Mit dem Thema Shoah wird in dieser Arbeit ein vieldiskutiertes angesprochen, das eine wichtige Bedeutung bzw. Position in der Geschichte einnimmt. Viele Menschen haben durch sie ein Leid erfahren, das in Bezug auf seine Opferzahlen Geschichtlich kaum mit einem Ereignis zu vergleichen ist. Nie waren Morde und Gräueltaten so auf eine einzige Volksgruppe konzentriert. Unterstützt oder geduldet wurden dieser Zustand und das Vorgehen gegen Juden von einem Großteil der Bevölkerung, sodass es wenig Widerstand gab. Auch die katholische Kirche, deren Verhältnis zum Judentum schon seit langer Zeit negativ geprägt ist, hat sich nicht öffentlich gegen das Verhalten und das Vorgehen der Nationalsozialisten ausgesprochen, sondern eine zurückhaltende Rolle eingenommen.
Diese Arbeit soll sich mit dem Verhalten der Kirchengeschichte nach der Shoah auseinandersetzten. Zunächst wird die Entwicklung der Perspektive zum Judentum betrachtet. Es soll geklärt werden, wie sich das Verhältnis zwischen Judentum und Christentum im Laufe der Vergangenheit entwickelt hat und ob es sich zum Positiven gewendet hat. Daran schließt sich die historische Rekonstruktion an, die klären soll, in welcher Weise man sich der Vergangenheit annähern kann, um den Täten und Opfern in ihrer Rolle als Individuum der damaligen Zeit gerecht zu werden.

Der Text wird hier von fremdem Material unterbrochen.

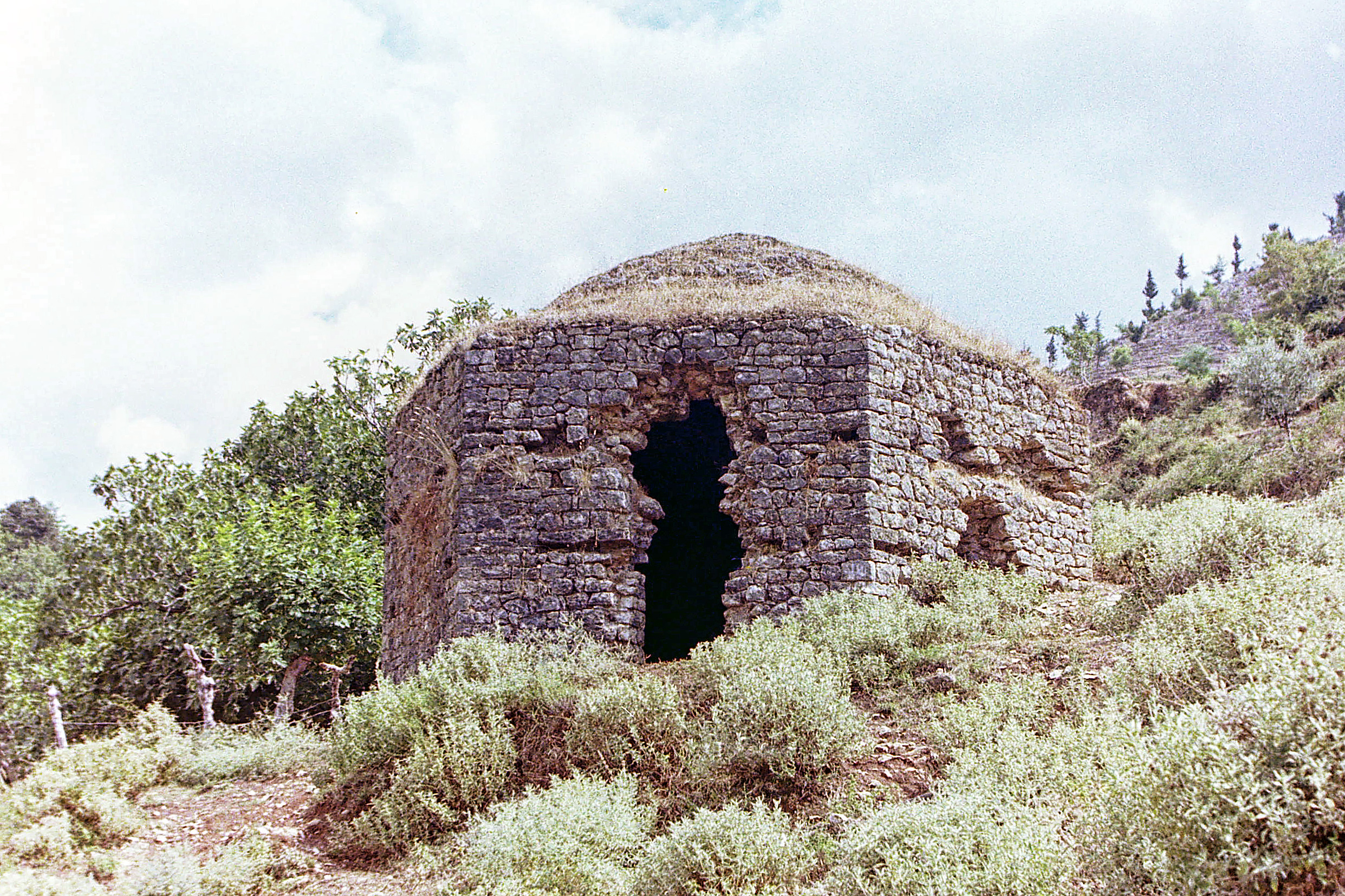 A derelict Bektashi tekke near Delvinë in 1995

Ein wichtiges und oft erwähntes Mittel, um sich mit der Vergangenheit und dem Verhalten auseinander zu setzen, ist die Kontextualisierung. Es soll geklärt werden, ob eine Kontextualisierung überhaupt möglich ist und wie diese vorgenommen werden kann. Außerdem soll geklärt werden, inwieweit eine Wertung der Handlungen vorgenommen werden kann. Eine wichtige Frage ist in diesem Punkt die, ob das „Aussetzen von Verstehen und Erklären“ eine angemessene historische Methode sein kann.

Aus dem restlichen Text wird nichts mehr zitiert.